→ **Action item**
Below are the records; repeat exactly their lines between the line holding "Následně přetáhneme sloupec" and the line holding "C100N - Frasco", inclusive, skipping the pictures.

→ **Record extracts**
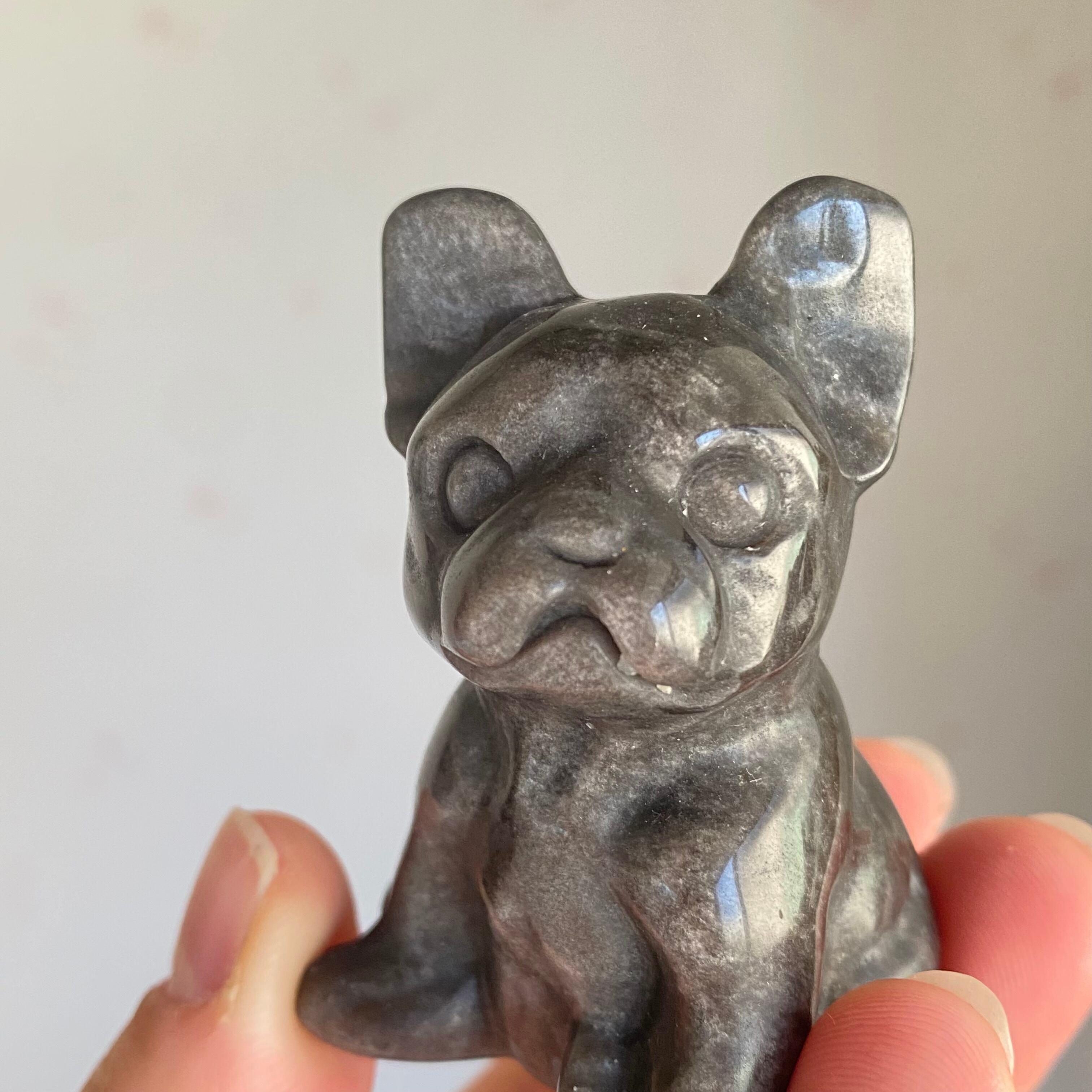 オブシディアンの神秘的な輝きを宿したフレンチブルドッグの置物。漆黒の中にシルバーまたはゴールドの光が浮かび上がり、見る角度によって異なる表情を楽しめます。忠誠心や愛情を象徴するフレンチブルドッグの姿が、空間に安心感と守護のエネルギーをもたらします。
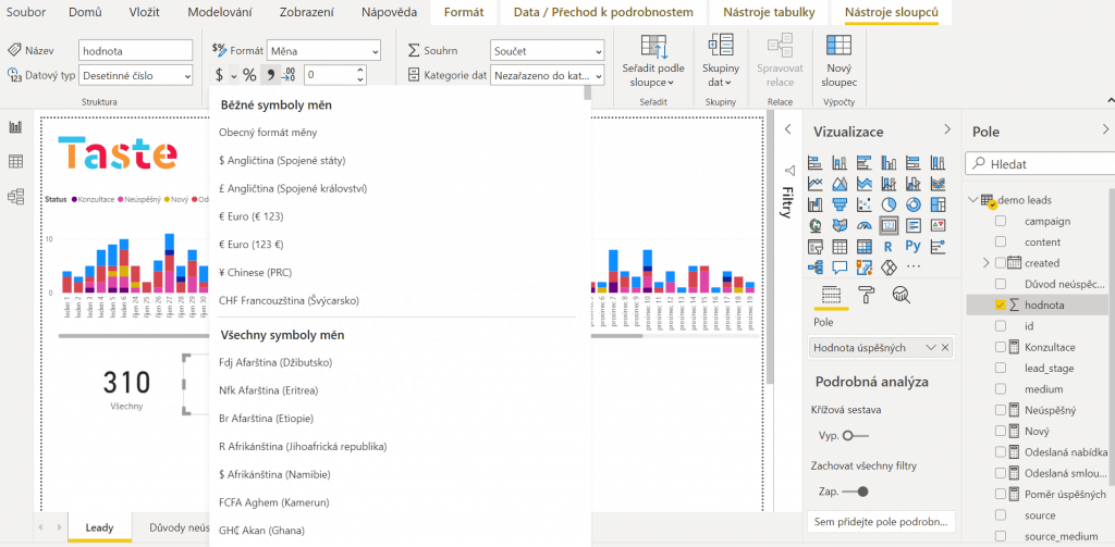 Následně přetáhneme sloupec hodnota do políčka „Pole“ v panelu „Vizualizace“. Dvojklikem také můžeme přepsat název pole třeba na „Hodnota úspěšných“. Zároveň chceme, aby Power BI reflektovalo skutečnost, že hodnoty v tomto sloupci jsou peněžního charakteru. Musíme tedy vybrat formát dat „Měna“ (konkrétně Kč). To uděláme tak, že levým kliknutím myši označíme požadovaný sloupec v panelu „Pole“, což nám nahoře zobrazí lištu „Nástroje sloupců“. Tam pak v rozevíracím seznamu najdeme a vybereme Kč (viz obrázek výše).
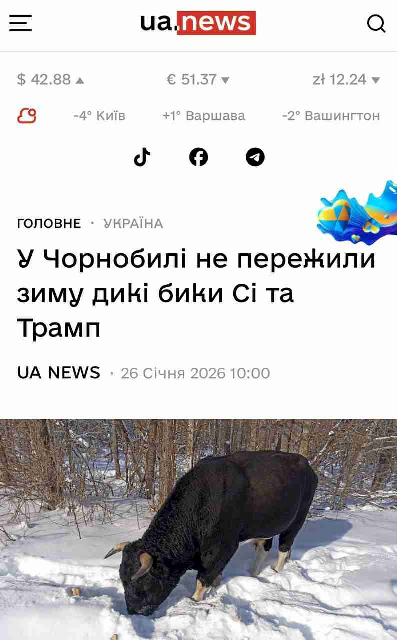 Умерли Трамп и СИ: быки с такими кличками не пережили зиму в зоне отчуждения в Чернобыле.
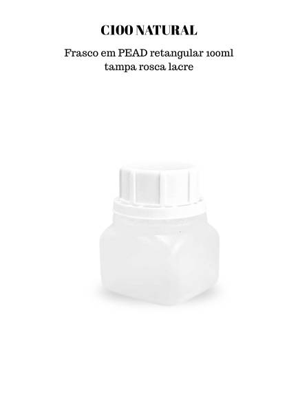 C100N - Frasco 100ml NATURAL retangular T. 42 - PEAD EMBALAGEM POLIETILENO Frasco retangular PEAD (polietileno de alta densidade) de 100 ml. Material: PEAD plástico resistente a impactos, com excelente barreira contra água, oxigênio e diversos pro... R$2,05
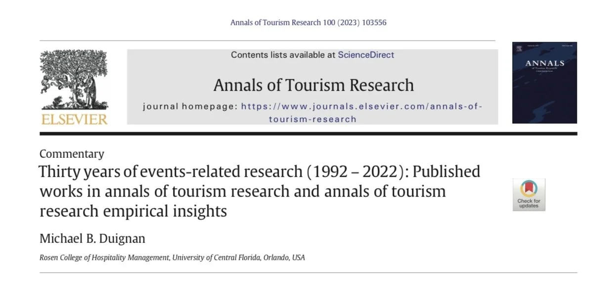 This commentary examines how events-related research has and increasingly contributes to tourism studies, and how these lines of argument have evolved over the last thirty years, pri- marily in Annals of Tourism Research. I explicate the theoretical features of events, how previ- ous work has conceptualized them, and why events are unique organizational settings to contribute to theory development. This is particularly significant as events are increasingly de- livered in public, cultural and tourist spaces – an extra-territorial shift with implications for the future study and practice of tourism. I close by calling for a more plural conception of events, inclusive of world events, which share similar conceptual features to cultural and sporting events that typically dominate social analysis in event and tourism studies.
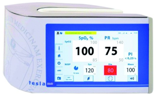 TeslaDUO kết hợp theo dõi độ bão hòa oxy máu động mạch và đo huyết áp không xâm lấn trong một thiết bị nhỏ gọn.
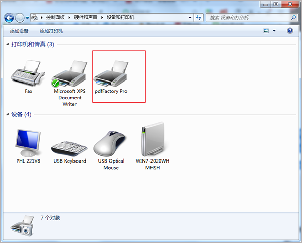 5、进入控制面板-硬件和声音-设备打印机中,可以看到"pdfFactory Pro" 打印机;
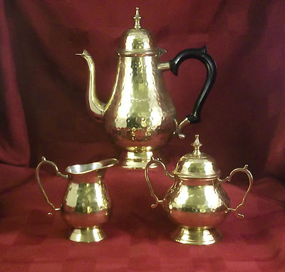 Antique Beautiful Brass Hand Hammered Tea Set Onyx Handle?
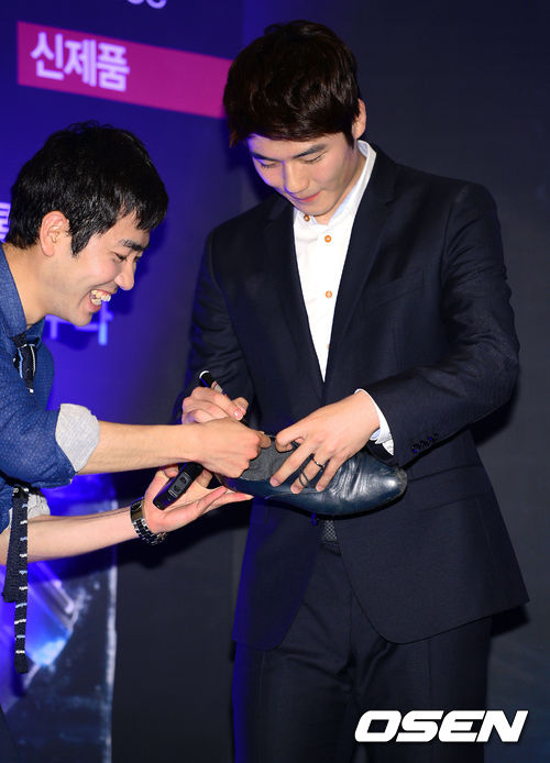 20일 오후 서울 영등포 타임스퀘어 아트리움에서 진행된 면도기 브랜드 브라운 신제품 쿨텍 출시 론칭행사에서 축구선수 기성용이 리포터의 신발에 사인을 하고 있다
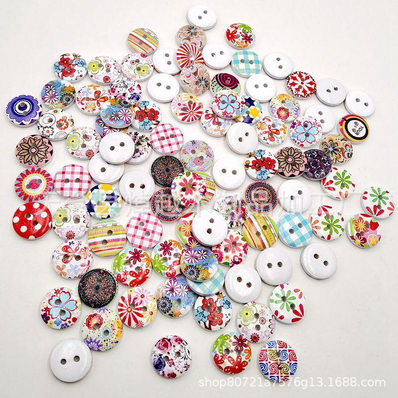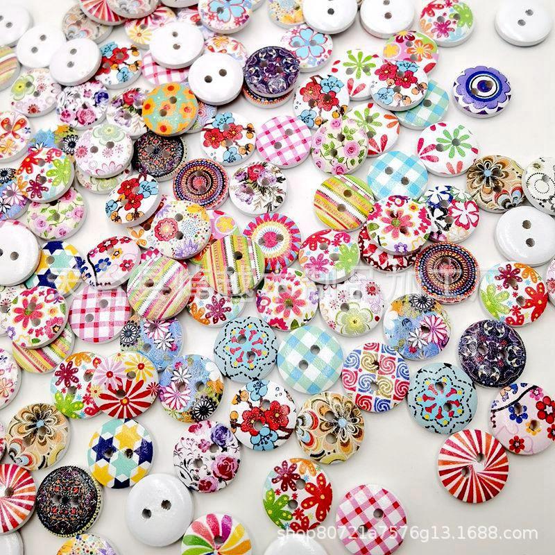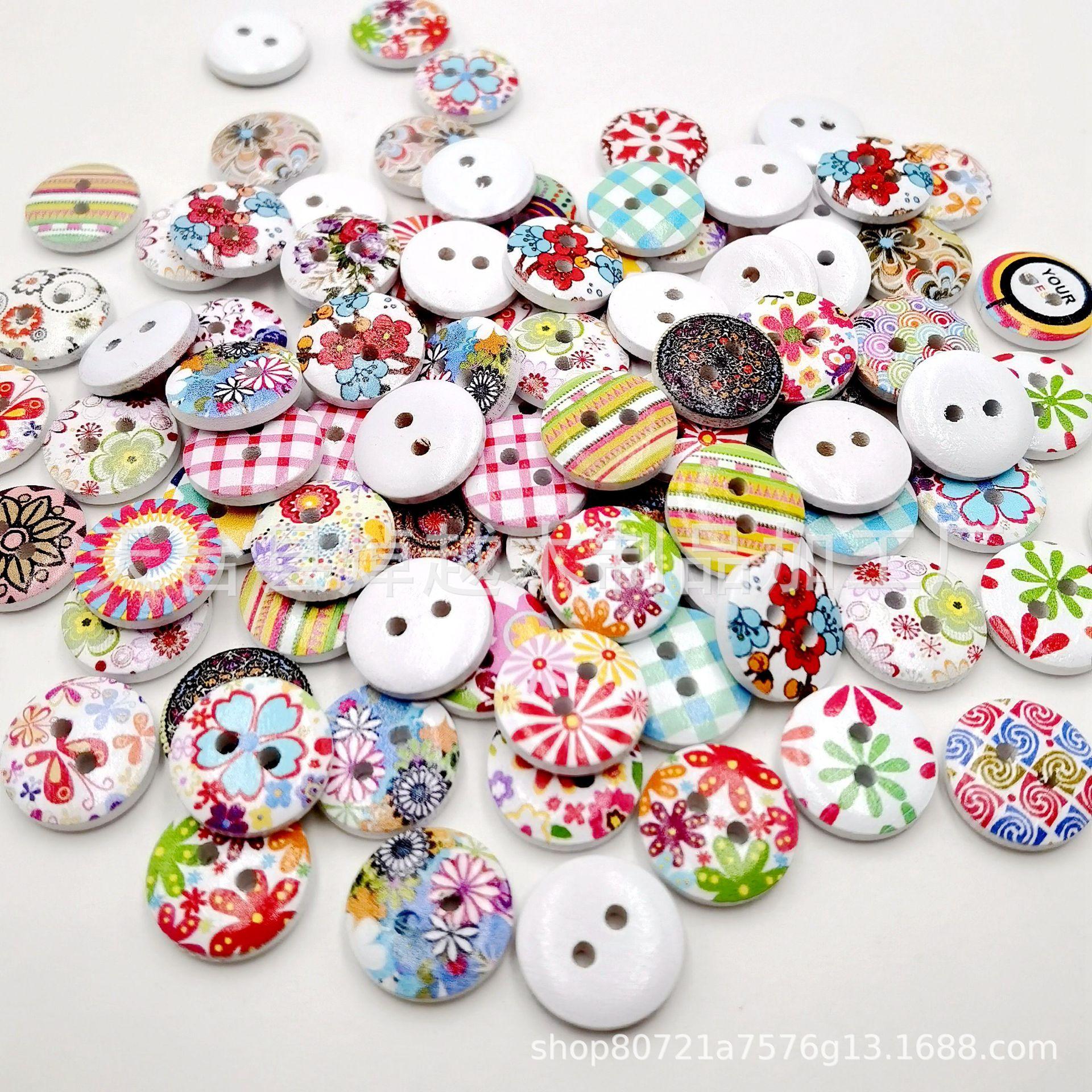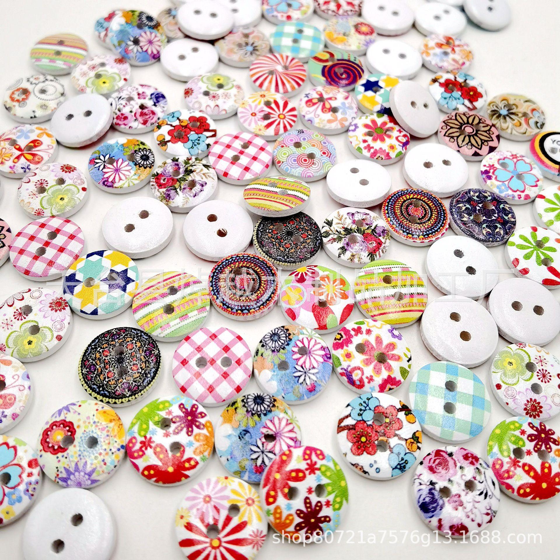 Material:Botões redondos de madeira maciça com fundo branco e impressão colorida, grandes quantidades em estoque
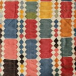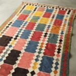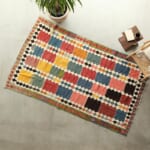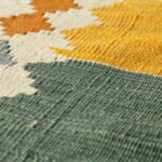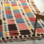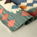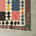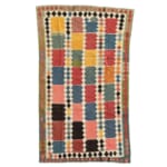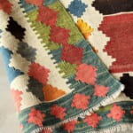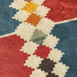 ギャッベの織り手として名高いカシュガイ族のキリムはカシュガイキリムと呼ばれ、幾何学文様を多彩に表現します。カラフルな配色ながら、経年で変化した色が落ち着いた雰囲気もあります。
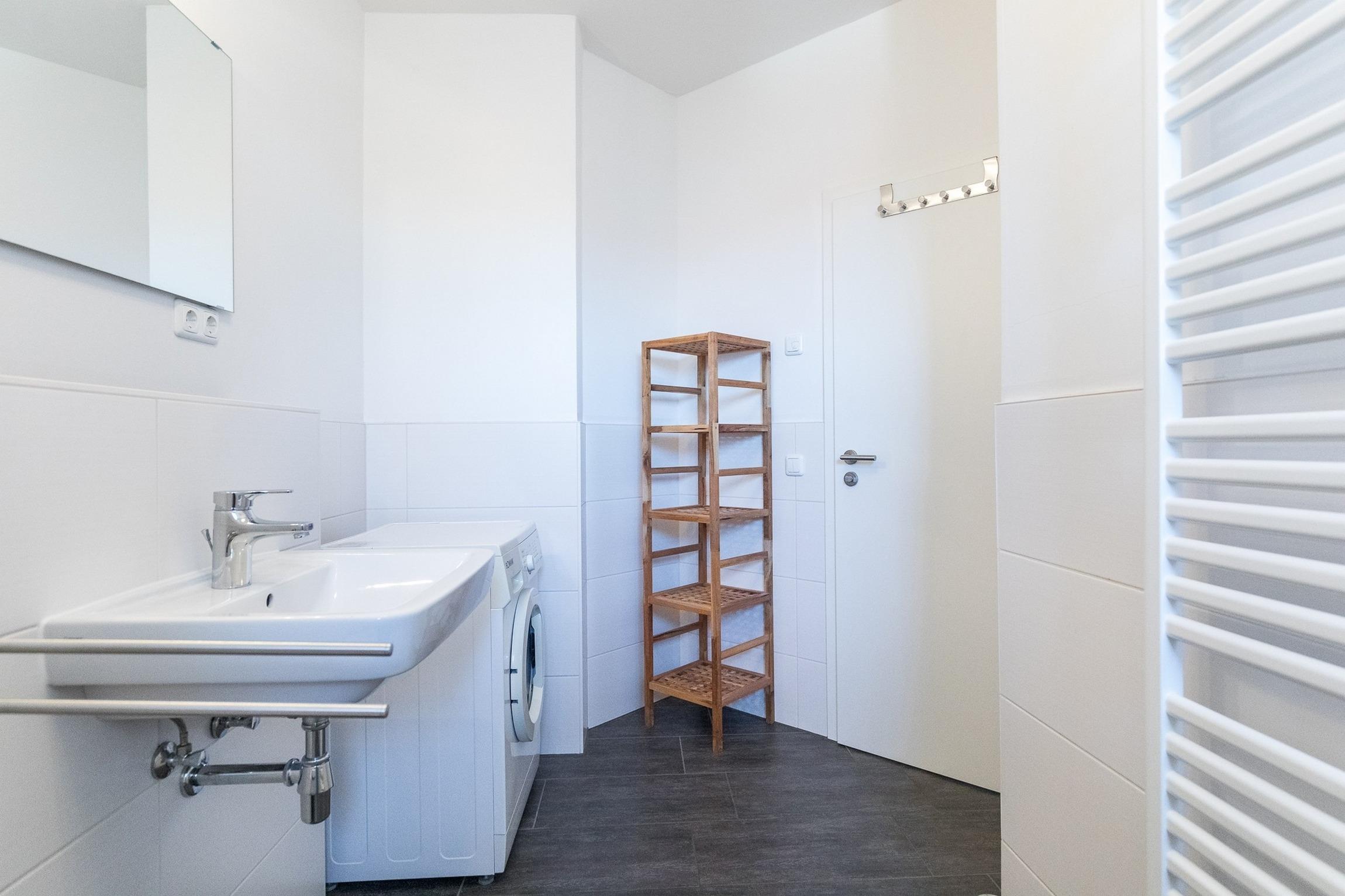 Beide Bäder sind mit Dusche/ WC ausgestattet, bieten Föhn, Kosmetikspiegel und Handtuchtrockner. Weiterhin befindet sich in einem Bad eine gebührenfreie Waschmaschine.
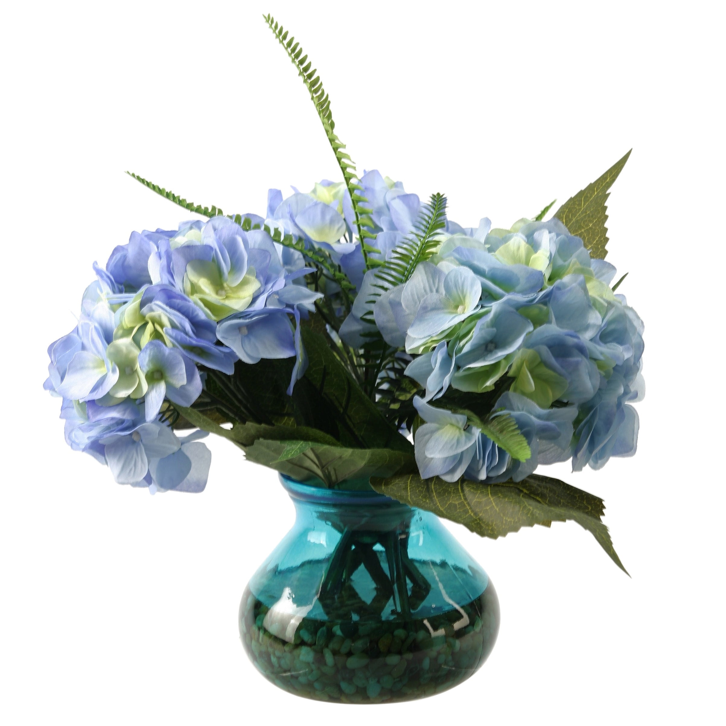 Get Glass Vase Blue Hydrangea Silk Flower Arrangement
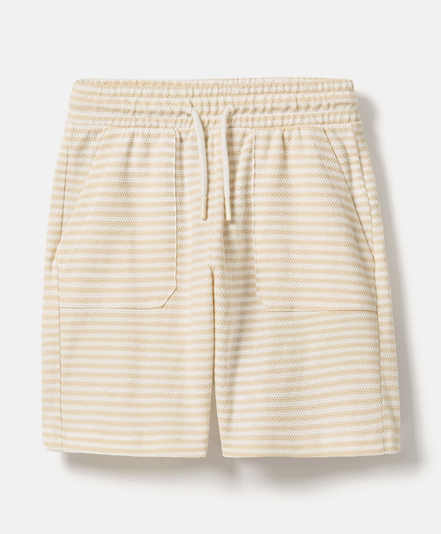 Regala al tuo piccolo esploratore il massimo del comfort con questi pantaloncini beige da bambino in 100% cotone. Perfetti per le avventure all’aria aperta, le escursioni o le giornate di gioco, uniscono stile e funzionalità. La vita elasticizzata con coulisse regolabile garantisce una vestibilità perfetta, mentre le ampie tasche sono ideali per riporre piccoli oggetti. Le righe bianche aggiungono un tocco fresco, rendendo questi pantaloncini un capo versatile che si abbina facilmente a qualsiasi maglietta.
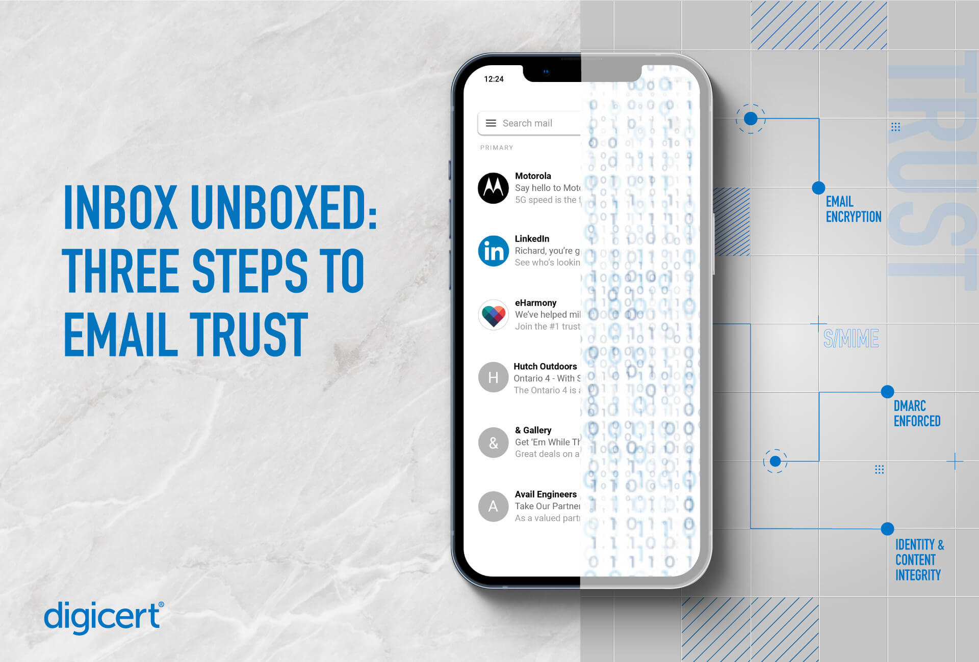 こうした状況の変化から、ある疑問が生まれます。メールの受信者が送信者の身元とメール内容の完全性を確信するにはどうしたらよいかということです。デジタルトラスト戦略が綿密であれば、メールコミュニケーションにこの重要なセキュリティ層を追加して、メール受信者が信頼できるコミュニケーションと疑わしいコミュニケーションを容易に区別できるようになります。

→ **Exercise response**
 Následně přetáhneme sloupec hodnota do políčka „Pole“ v panelu „Vizualizace“. Dvojklikem také můžeme přepsat název pole třeba na „Hodnota úspěšných“. Zároveň chceme, aby Power BI reflektovalo skutečnost, že hodnoty v tomto sloupci jsou peněžního charakteru. Musíme tedy vybrat formát dat „Měna“ (konkrétně Kč). To uděláme tak, že levým kliknutím myši označíme požadovaný sloupec v panelu „Pole“, což nám nahoře zobrazí lištu „Nástroje sloupců“. Tam pak v rozevíracím seznamu najdeme a vybereme Kč (viz obrázek výše).
 Умерли Трамп и СИ: быки с такими кличками не пережили зиму в зоне отчуждения в Чернобыле.
 C100N - Frasco 100ml NATURAL retangular T. 42 - PEAD EMBALAGEM POLIETILENO Frasco retangular PEAD (polietileno de alta densidade) de 100 ml. Material: PEAD plástico resistente a impactos, com excelente barreira contra água, oxigênio e diversos pro... R$2,05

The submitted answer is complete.